In the case of our patient, her cancer-related pain was diffuse, somatic, neuropathic, and refractory to pharmacotherapy and more invasive interventions, including intrathecal analgesia and functional peripheral nerve blockade. This was either due to inadequacy of therapy or side effect profiles, which limited therapy escalation. This coupled with the patient's stated goals of remaining alert and interactive with loved ones, desire to discharge home, and significant pain burden, prompted consideration of more invasive palliative neurosurgical techniques. While a significant portion of her pain was localized to the left lower extremity (LLE) on initial presentation, she additionally experienced diffuse pain secondary to widespread metastasis involving her liver, mesentery, colon, and lungs.

The somatic, neuropathic, and bilateral nature of her pain, in addition to her significant emotional distress, led to the interdisciplinary decision to pursue cingulotomy over other more invasive neurosurgical interventions, as previously described. Post-operatively, the patient's pain was reduced, as evidenced by decrease in her numerical pain ratings (Fig. 1) and reduction in her overall analgesic usage (Table 1). In addition, the patient subjectively was more alert and interactive with family members and providers. Both patient and family members noted pain improvement to such a degree that they felt comfortable with initiating plans to pursue the patient's original goal of discharging home with hospice.
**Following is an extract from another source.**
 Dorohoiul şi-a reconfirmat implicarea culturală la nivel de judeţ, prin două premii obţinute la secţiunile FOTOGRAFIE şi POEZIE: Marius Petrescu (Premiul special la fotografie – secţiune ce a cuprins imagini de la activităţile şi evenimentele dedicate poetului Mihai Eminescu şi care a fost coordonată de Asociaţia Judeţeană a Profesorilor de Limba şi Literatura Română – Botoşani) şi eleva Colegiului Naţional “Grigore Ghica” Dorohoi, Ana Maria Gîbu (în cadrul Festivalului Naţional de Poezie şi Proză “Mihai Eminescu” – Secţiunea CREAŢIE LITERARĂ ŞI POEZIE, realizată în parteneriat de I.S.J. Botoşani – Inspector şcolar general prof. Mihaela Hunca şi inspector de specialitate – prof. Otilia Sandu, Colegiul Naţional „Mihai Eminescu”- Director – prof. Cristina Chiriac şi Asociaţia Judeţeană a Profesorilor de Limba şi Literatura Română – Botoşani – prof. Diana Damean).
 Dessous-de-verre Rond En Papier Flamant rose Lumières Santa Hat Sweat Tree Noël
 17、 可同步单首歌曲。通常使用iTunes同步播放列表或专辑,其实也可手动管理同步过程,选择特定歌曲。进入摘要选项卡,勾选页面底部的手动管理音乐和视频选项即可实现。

Her aspiration event and subsequent decline on post-operative day 5 unfortunately prevented this.

A limitation of this report includes the inability to evaluate the long-term effects of cingulotomy on our patient's pain control, given her death shortly after the procedure. Prior studies, which have reviewed post-cingulotomy pain relief in cancer patients, have shown continued pain relief for the majority of patients (>50%) at 3-, 6-, and 12-month follow-up. ¹¹ Nevertheless, our patient derived significant benefit from cingulotomy as it palliated her intractable cancer-related pain to an extent that she was comfortable discharging home with hospice and allowed her to be awake and without significant pain, while interacting with her loved ones before her death.
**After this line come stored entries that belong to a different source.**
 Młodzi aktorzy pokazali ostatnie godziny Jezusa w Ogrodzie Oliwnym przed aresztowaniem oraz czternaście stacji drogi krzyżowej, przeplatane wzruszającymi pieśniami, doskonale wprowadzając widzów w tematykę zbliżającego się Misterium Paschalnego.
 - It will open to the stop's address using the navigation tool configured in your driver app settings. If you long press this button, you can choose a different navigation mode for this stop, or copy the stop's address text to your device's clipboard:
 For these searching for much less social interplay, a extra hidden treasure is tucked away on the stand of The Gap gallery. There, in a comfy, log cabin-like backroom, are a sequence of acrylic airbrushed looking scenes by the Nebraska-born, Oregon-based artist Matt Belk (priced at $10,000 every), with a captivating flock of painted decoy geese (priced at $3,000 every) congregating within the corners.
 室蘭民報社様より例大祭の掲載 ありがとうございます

These benefits were of significant value to both the patient and her family, as evidenced by her mother stating the surgery was “worth it,” even with the knowledge of her impending death. An additional limitation of this report is the inability to delineate the effect of cingulotomy on the patient's performance status. While her decline and subsequent death occurred within a week of her operation, it is believed her aspiration event and decline were due to continued progression of her malignancy causing a colonic stricture and subsequent small bowel obstruction, as evidenced on imaging. However, it cannot be definitively stated that the patient's performance status was not affected by her operation. Another limitation includes variability in surgical technique and site/size of ablation, which may hinder reproducibility of cingulotomy results.

This case report contributes to the growing body of literature regarding palliative cingulotomy and serves to highlight and remind providers that cingulotomy remains a treatment option to consider for those patients with limited prognosis suffering from intractable diffuse somatic and neuropathic cancer-related pain refractory to more traditional pharmacotherapy and invasive techniques. Interdisciplinary collaboration is critical to ensure appropriate patient selection and effective use of cingulotomy as a pain palliation technique for intractable cancer-related pain.